In The Lord of the Rings, how does Tolkien use light and dark imagery to describe the way Gandalf persuades Théoden to listen to his advice?
Throughout The Lord of the Rings, Tolkien uses light, especially light from the heavens such as starlight and sunlight, to symbolize hope and freedom from Sauron's influence. Shadow and darkness are used to represent the power of Sauron; it is no coincidence that his main servants, the Ringwraiths, are blind in the sun and must sense the living world using other abilities. Because Théoden is under the influence of Saruman, who, in turn, has been corrupted by desire for Sauron's Ring, the battle for Théoden's heart is depicted as a struggle between light and hope versus shadow and obscured vision in The Two Towers (Book 3, Chapter 6). For example, in persuading Théoden to listen to him, Gandalf points with his staff to a high window: "There the darkness seemed to clear, and through the opening could be seen, high and far, a patch of shining sky." He also tells the king, "Too long have you sat in shadows," and "Not all is dark. Take courage, Lord of the Mark; for better help you will not find." As Théoden slowly stands up, a "faint light grew in the hall again" and a beam of sunlight pierces the clouds: "already the storm that had come out of the East was receding, rolling away southward to the sea. Suddenly through a rent in the clouds behind them a shaft of sun stabbed down. The falling showers gleamed like silver, and far away the river glittered like a shimmering glass."

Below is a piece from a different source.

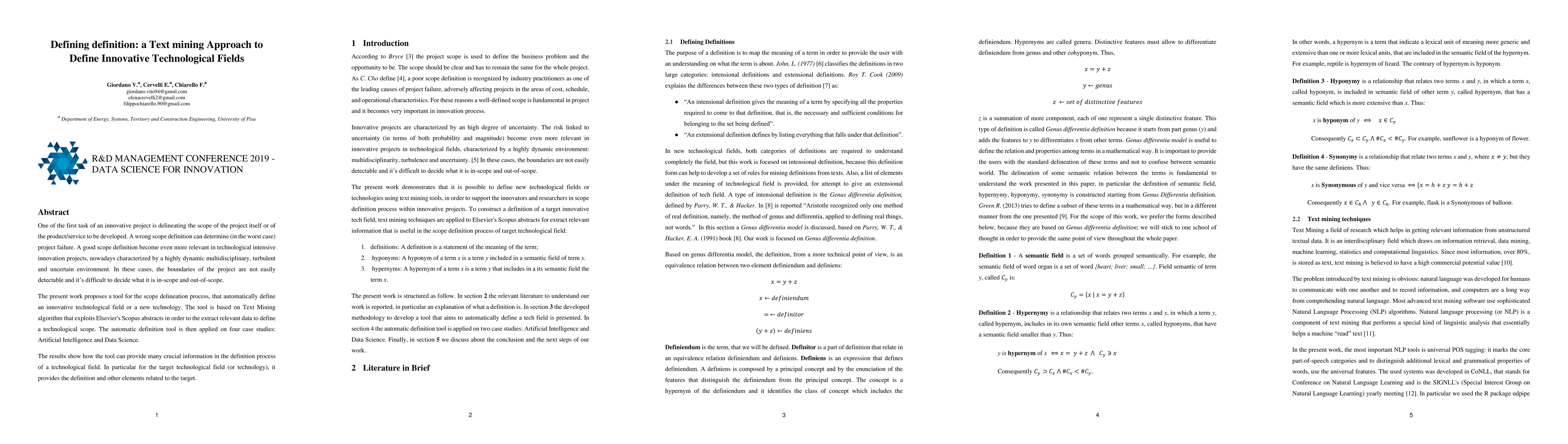 A Text Mining approach helps define innovative technological fields by automatically extracting relevant data from Elsevier's Scopus abstracts to determine the scope of a project or product. The tool provides crucial information for defining a technological field, including its definition and related elements.

In The Lord of the Rings, why does Théoden compare himself to an "old tree under winter snow"?
A simile compares two things using words of comparison, such as like or as. In The Two Towers (Book 3, Chapter 7), Théoden says he was "bent like an old tree under winter snow." But now, he says, "a west wind has shaken the boughs." He is comparing his physical and mental state to that of an old tree that has so much snow on its branches, they bend under the weight. A "west wind" (recall that Mordor is to the east and Valinor is to the west)—brought by Gandalf—shakes the snow off the boughs, lightening the burden Théoden has felt under Saruman's influence. The word "winter" can also describe the darkness Théoden felt, a darkness and bleakness usually associated with the winter months.